July 9, 2014
Although internal controls are designed to protect a company against fraudulent schemes by its employees, these controls often prove to be ineffective when senior personnel are involved.
Owners and top executives are able to act out of sight of other employees, who might otherwise become suspicious about unusual conduct. Moreover, senior personnel are usually the very persons responsible for ensuring that the internal control structure functions properly.
As such, in some organizations, they may operate without meaningful oversight except by one another. When the corporate watchdogs act together to defraud the company, it is difficult for those on the inside to detect the fraud or to stop it.
Fraud committed by owners or executives takes far longer to detect and is for far greater amounts, according to the latest biannual report of the Association of Certified Fraud Examiners (ACFE).

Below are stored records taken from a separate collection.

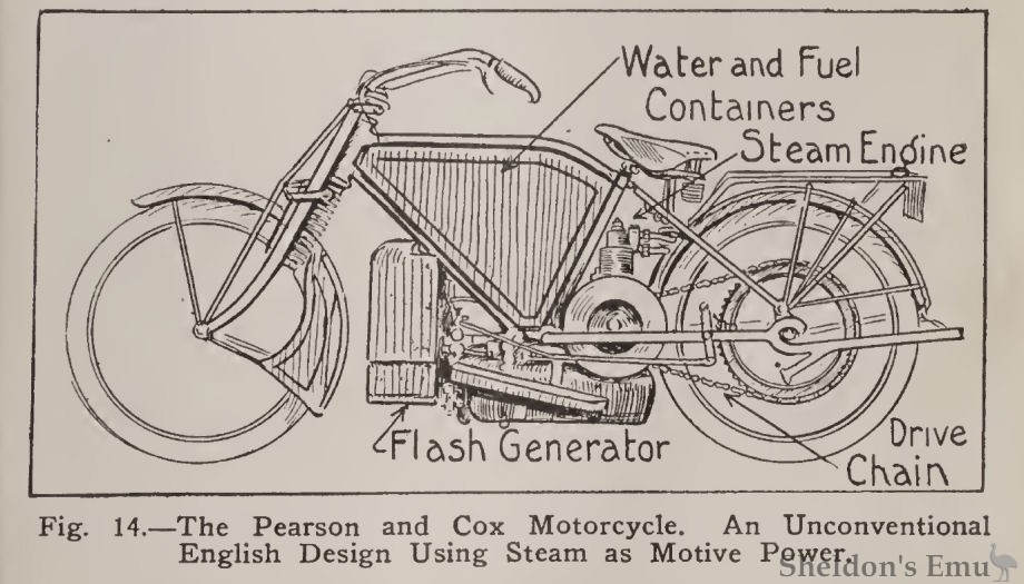 The drawing at Fig. 14 shows the general appearance of this machine which is known as the "Pearson and Cox," presumably because it is made by this firm in Shortlands. Despite the unconventional means of propulsion, this motorcycle is not so much different than those we are accustomed to that it would attract attention except of those well versed in motorcycle construction.
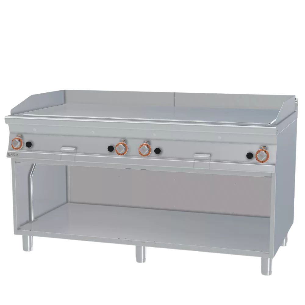 Lotus rostlap, gázüzemű, keménykrómozott, sima felületű, álló, 4 zónás, nyitott tárolóval, 36 kW
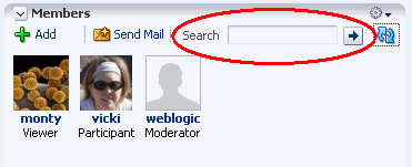 Filtering searches against a listed member's user name. For example, if your search criteria is "c", the search results might include members named "chris", "vicki", or "weblogic".

The median amount stolen by executives worldwide was $573,000 in the ACFE’s 2012 report, down from the 2010 median amount of $723,000 and 2008 total of $834,000. In the United States, the median amount was $373,000 compared to $4 million in Asia.

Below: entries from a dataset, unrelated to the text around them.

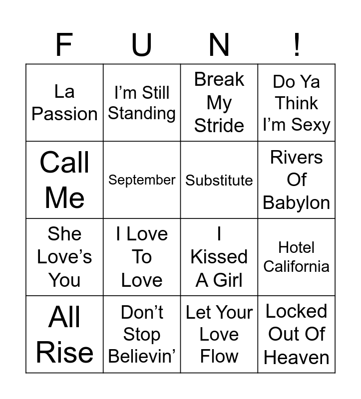 This bingo card has 44 words: 9 PM Till I Come, All Rise, Angels, Another Brick In The Wall, Betty Davis Eyes, Blinding Lights, Break My Stride, Brown Eyed Girl, Call Me, Chain Reaction, Do Ya Think I’m Sexy, Don’t Stop Believin’, Flashdance, Frankie, Gangsta’s Paradise, Grace Kelly, Hold On, I Kissed A Girl, I Love Rock n Roll, I Love To Love, I’m Still Standing, Insomnia, It’s Raining Men, La Passion, Left Outside Alone, Let Your Love Flow, Levitating, Like A Virgin, Livin’ La Vida Loca, Locked Out Of Heaven, Love Is All Around, Mississippi, My Way, Poker Face, Hotel California, Red Red Wine, Rhythm Is A Dancer, Rhythm Of The Night, Rivers Of Babylon, September, She Love’s You, Show Me Love, Substitute and Superstar.
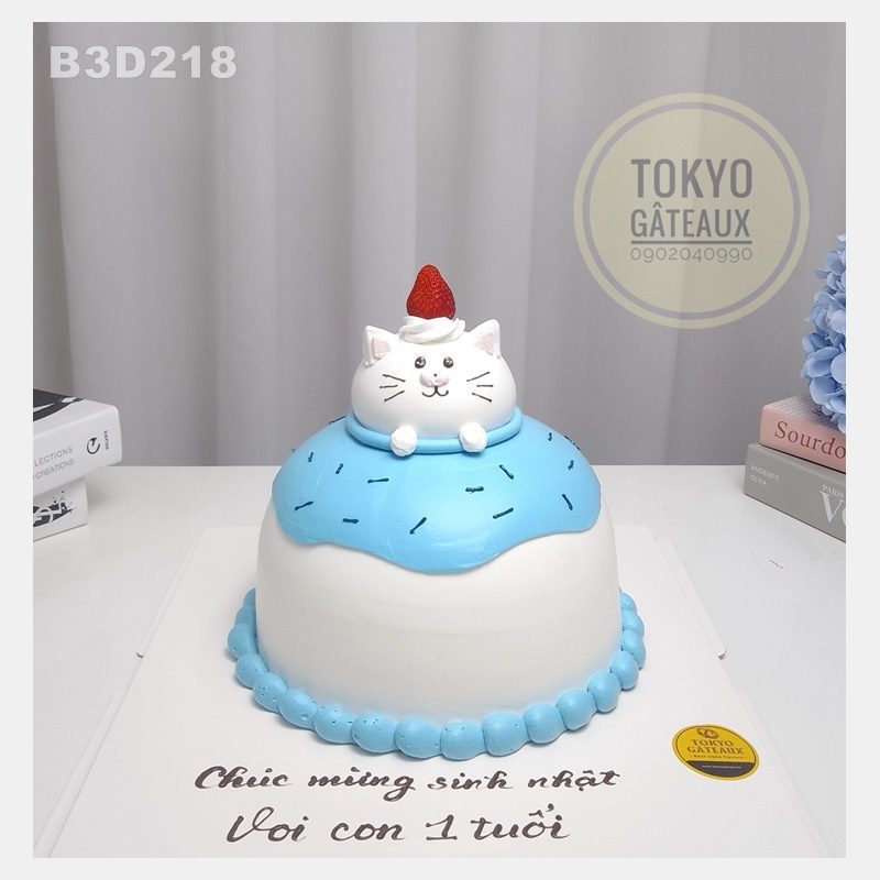 _ Bánh cốt vani, kem tươi, trang trí mèo 3D.
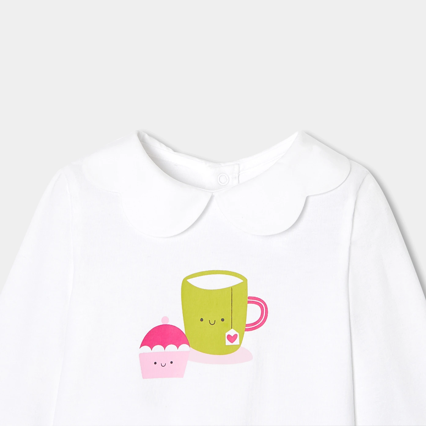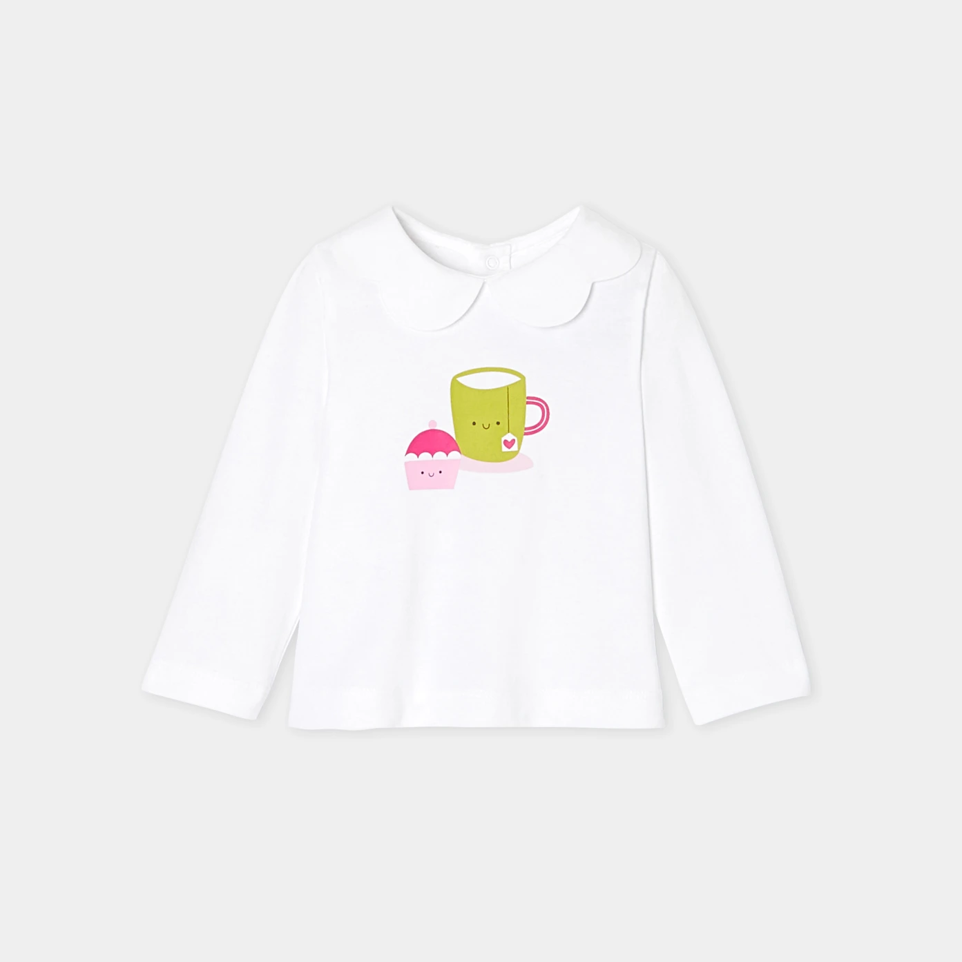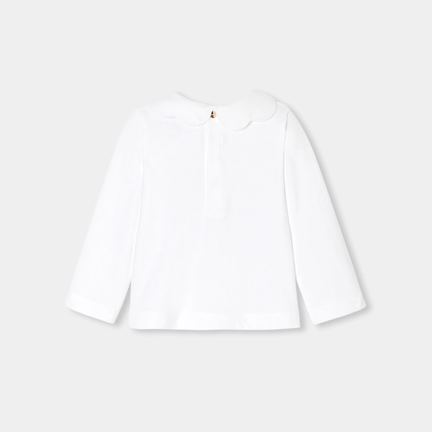 這款小女童長袖T恤讓秋季既時尚又舒適。採用有機棉製成,搭配扇形花邊領口與可愛圖案,日常穿搭可搭配燈芯絨短褲與短靴,展現出迷人的風格。

Those numbers are more than three times as much as mid-level managers steal and 10 times as much as regular employees steal.
Approximately 18 percent of all on-the-job theft in the United States is committed at the highest levels of the company, while 38 percent of frauds are conducted by mid-level managers and 42 percent by employees.
The type of fraud most often perpetrated by upper management is corruption, which includes conflicts of interest, economic extortion, bribery and illegal gratuities (53 percent), followed by billing fraud and expense reimbursement fraud.
It typically takes 24 months for a crime by a top executive at a company to be detected, while crime by a typical employee is usually found in about 12 months.
The reason: Perpetrators with higher levels of authority are typically in a better position to override controls or conceal their misconduct. There may also be a reluctance on the part of employees and anti-fraud personnel to lodge complaints about or to investigate those with higher levels of authority.
For very small companies, it is difficult to construct an effective internal control structure because management consists of a very small group of people, or even a single person.
If management is the problem, there is no one for an employee who discovers or suspects fraud to go to other than the authorities. This decision may carry some risk. Having at least one director or investor who is not involved in management gives an employee who suspects fraud somewhere to go.
Employee tips and management reviews are the primary detection methods for most employee fraud. But at the executive level, a strong internal audit function may be the best guard against employee thefts. According to the ACFE report, 14 percent of all fraud is detected by internal audit.
An internal auditor, or even an external auditor, who comes in periodically to review all company transactions, provides a mechanism by which fraud can be detected and reported. For the audit function to be effective, procedures must be established so the auditor has access to documentation relating to all transactions. In addition, there must be procedures for safeguarding those documents from alteration or destruction.
Preservation of the documents in electronic read-only form is perhaps the most effective method, particularly with a system that keeps a record of when the document is created and when any attempts at modification were made.
Creating the internal audit function and assuring preservation of and access to key information is only part of the job. It is equally important to assure that the auditor has someone to report to, either within the organization or outside.
When there is a non-management director on the board, or where an effective audit committee exists, the auditor must have the authority to report any suspected irregularities directly to that person or committee.
If there are no independent directors, the internal auditor should still have the authority to report to an outside investor or oversight committee if necessary.
While some companies will prefer to hire their own internal auditor, a CPA can be engaged to act as the “external” internal auditor. Independence rules will generally require that the CPA who performs the external audit not also be the organization’s financial statement auditor.
Every accountant who audits financial statements knows that detecting a collusive fraud is difficult at best. The creation of an internal or external audit function to oversee a company’s transactions and financial record keeping as they are occurring can be a vital step in assuring that the system of internal controls is not frustrated or rendered ineffective from within.